Sie hob den Kopf. Ihre Lippen waren leicht geöffnet. Ihm fiel plötzlich ein Augenblick aus einer toten Vergangenheit ein: Er saß in einer kleinen steinernen Kammer in Caithnard und studierte Rätselgeschichten und spürte, wie sein Herz bei den unerwarteten Wendungen, die sie nahmen, vor Freude sprang oder vor Entsetzen oder Schmerz kalt wurde.

»Diese Geschichte hat mit mir nichts zu tun«, fügte er hinzu.

»Nein, wahrscheinlich nicht. Du mußt es wissen.«

Er hüllte sich wieder in Schweigen. Sie drückte ihren Kopf in die Höhle seiner Schulter, und sein Arm umschlang sie. Er legte seine Wange auf ihr Haar.

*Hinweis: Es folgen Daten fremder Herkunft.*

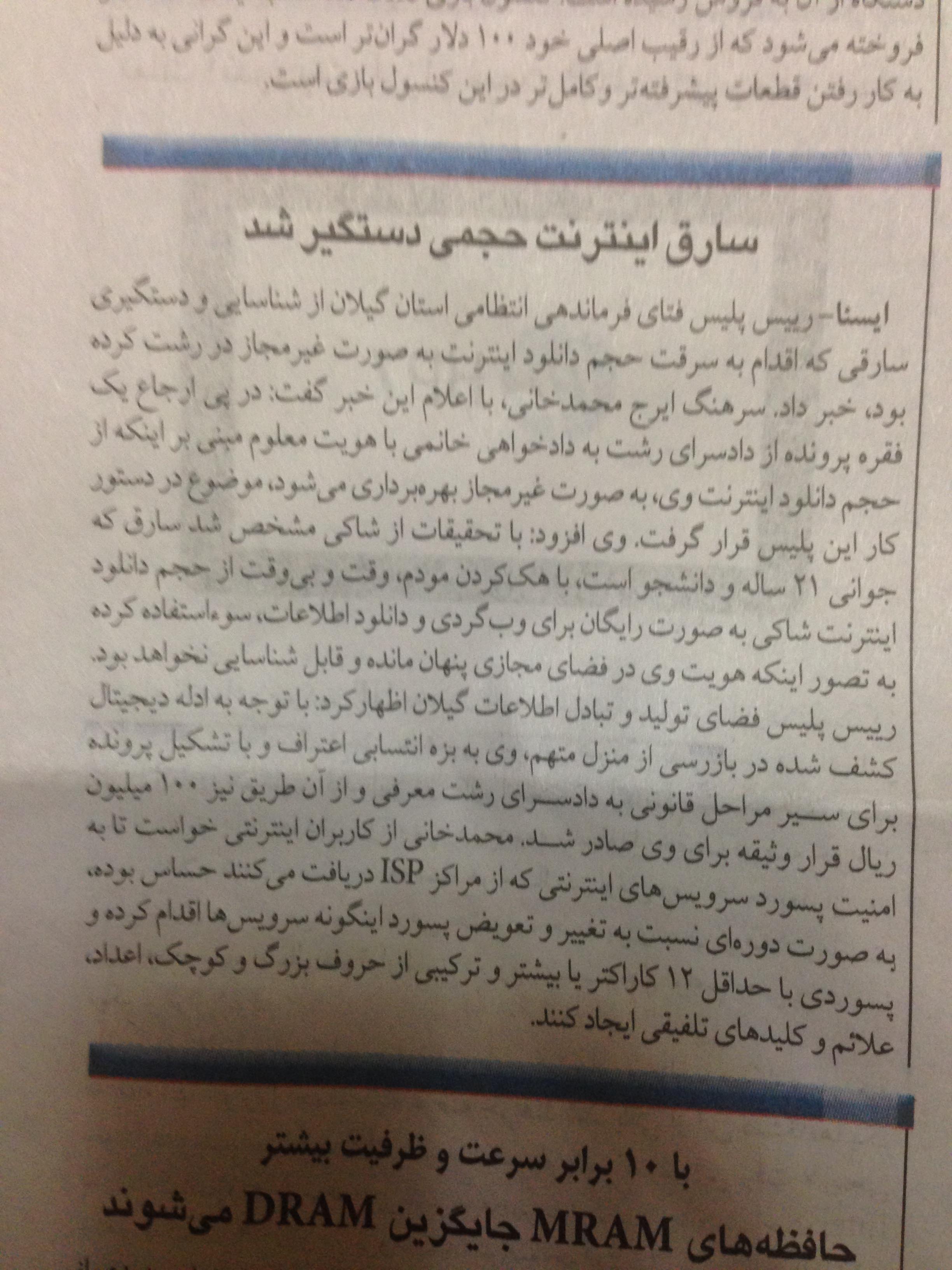اگر به دید قانونی بخوایم نگاه کنیم این کار کاملا غیر قانونی است و نوعی سرقت حساب میشه ! ولی اینکه این خبر در روزنامه چاپ شه که "ما کسی رو دستگیر کردیم که از اینترنت همسایه اش یواشکی استفاده میکرد" به نظر من اصلا منطقی نیست !

»Ich bin müde«, sagte er einfach. »Ich habe zu viele Rätsel gelöst. Die Erdherren begannen vor den Ursprüngen unserer Geschichte einen Krieg, einen Krieg, der ihre eigenen Kinder tötete. Wenn ich gegen sie kämpfen und siegen könnte, dann würde ich das tun, um des Reiches willen; aber ich glaube, ich würde nur mich selbst und den Erhabenen töten. Und deshalb tue ich das einzige, was mir vernünftig erscheint. Nichts.«

Lange antwortete sie ihm nicht. Er hielt sie ruhig im Arm, während das Feuer ihren Umhang mit silbernem Schimmer überspülte.

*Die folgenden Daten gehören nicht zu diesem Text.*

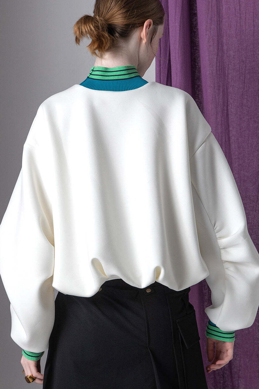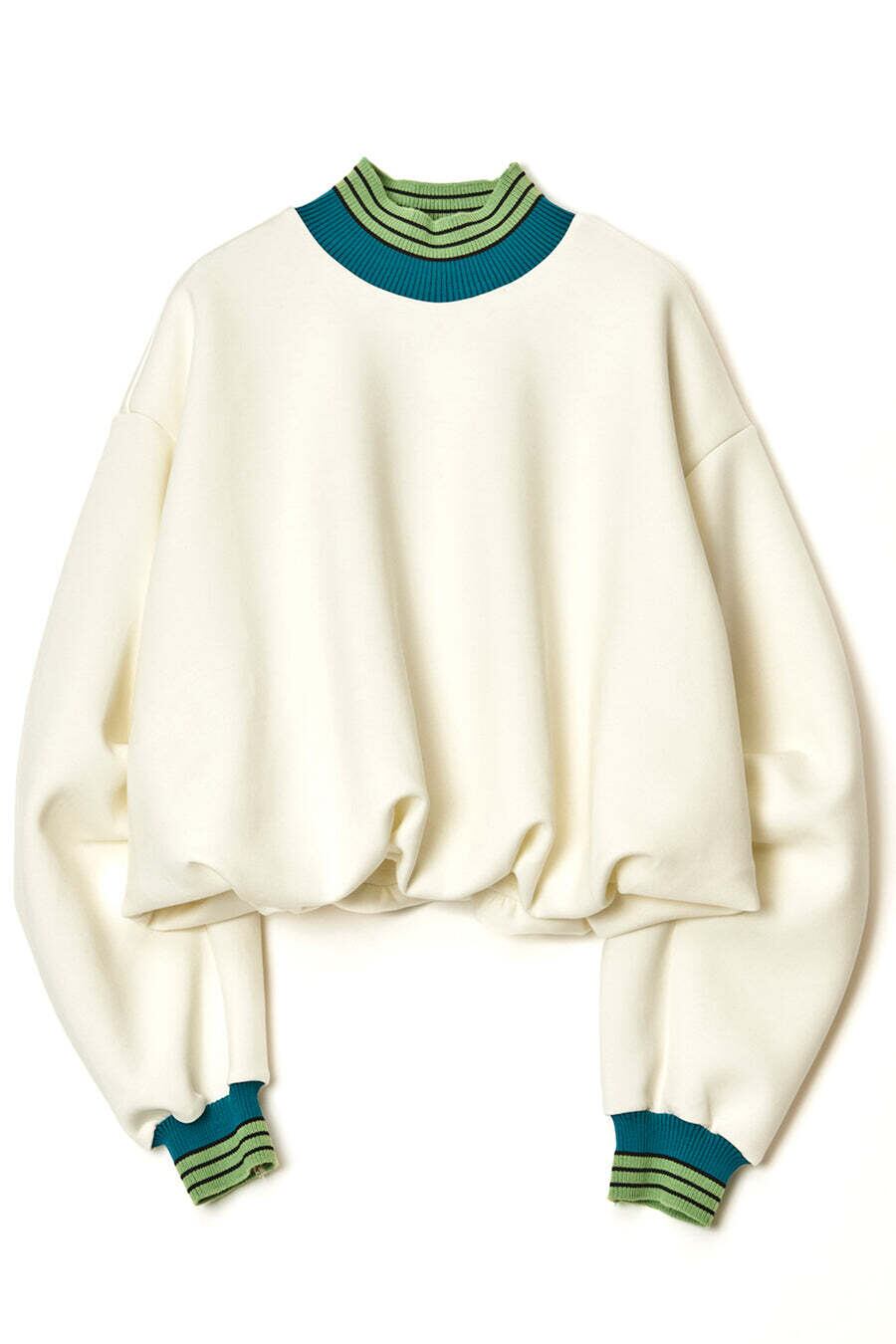 マルチカラーボーダーがアクセントのバルーンプルオーバー。
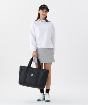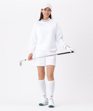 質感で魅せるモックネックプルオーバー。立体的なキルトジャガード素材に浮かぶフローティングロゴが印象的。柔らかく伸びるストレッチ性を備え、見た目の存在感と快適な着心地を両立しました。素材には環境に配慮した再生ポリエステルを採用し、肌寒い時に頼れる程よい厚みのあるアイテムです。首元のロゴが控えめながらもアクセントに。ゆとりあるリラックスシルエットで窮屈感のない楽な着用感を叶え、抜け感あるスタイルを演出します。
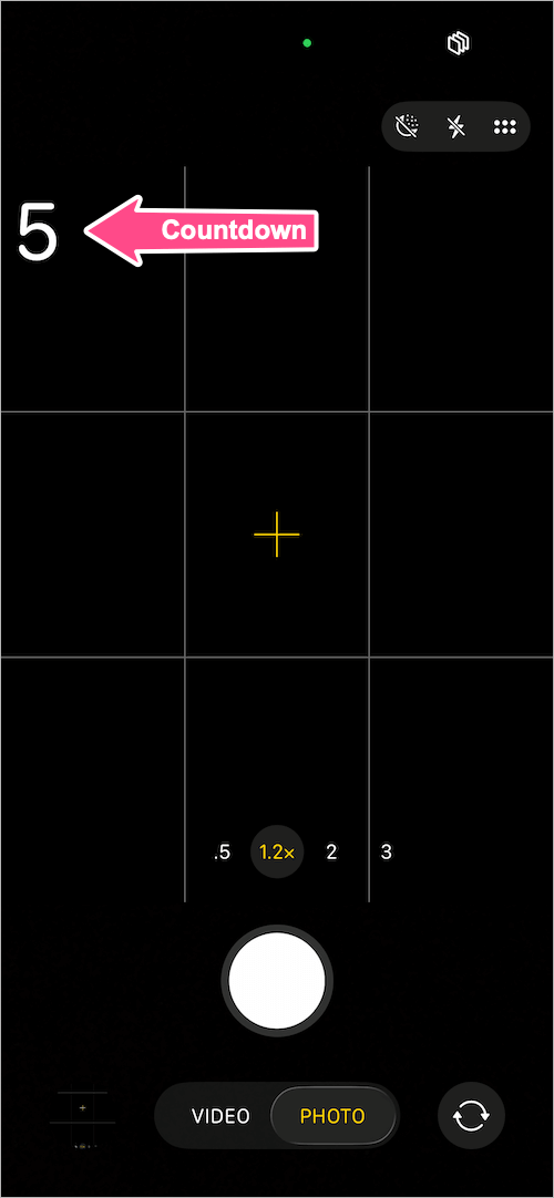 當您設置 3 秒、5 秒或 10 秒定時器並按下快門時,會出現倒計時,並且閃光燈每秒閃爍。然後 iPhone 捕獲連拍10張照片,並且您可以將計時器與前置和後置攝像頭一起使用。
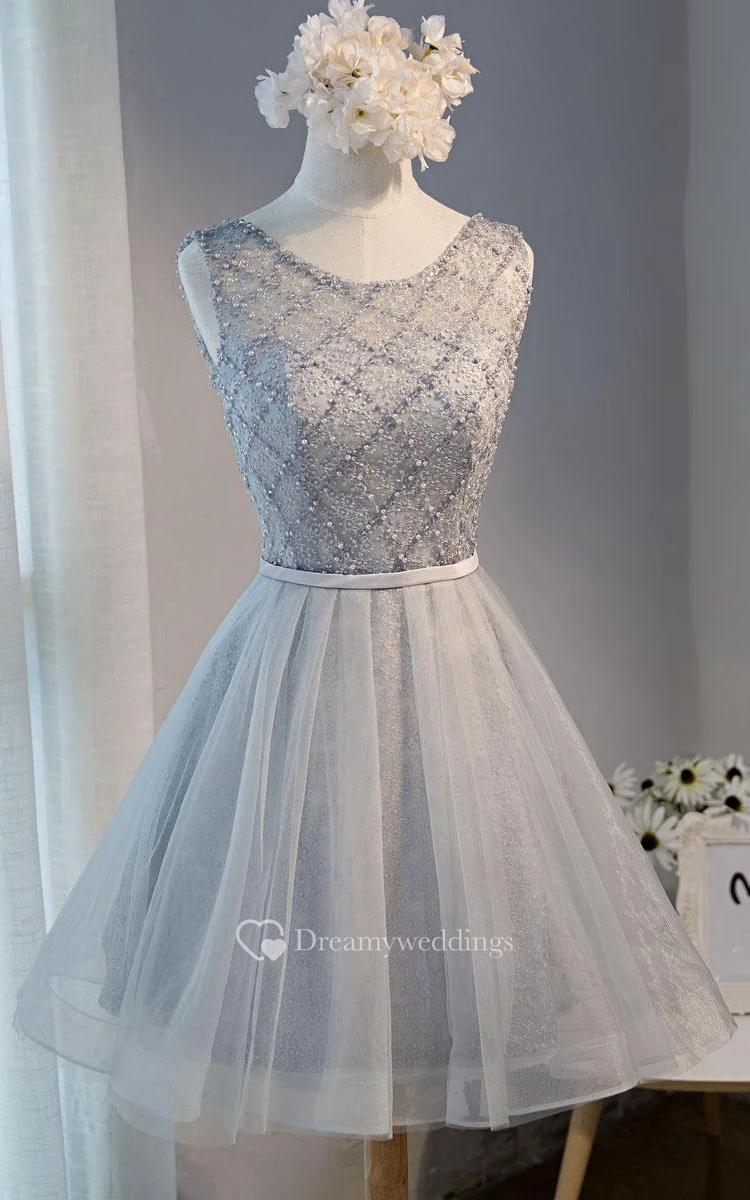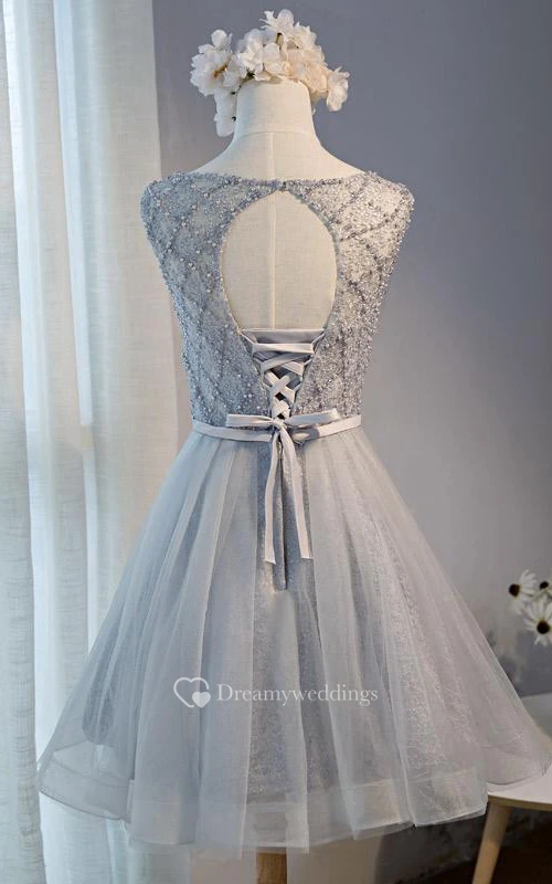 Short Scoop Sleeveless Lace Corset Back Dress with Keyhole

»Morgon«, sagte sie schließlich leise, »ein Rätsel gibt es noch, das du vielleicht lösen solltest. Du hast allen Trug von Ghisteslohm abgestreift; du hast den Gestaltwandlern ihren Namen gegeben; du hast den Erhabenen aus seinem Schweigen erweckt. Aber eines gibt es, dem du noch keinen Namen gegeben hast, und es will nicht sterben.«

Ihre Stimme zitterte. Er spürte plötzlich durch den dicken Pelz hindurch den Schlag ihres Herzens.

»Was?« Das Wort war ein Flüstern, das sie nicht gehört haben konnte, aber sie antwortete ihm.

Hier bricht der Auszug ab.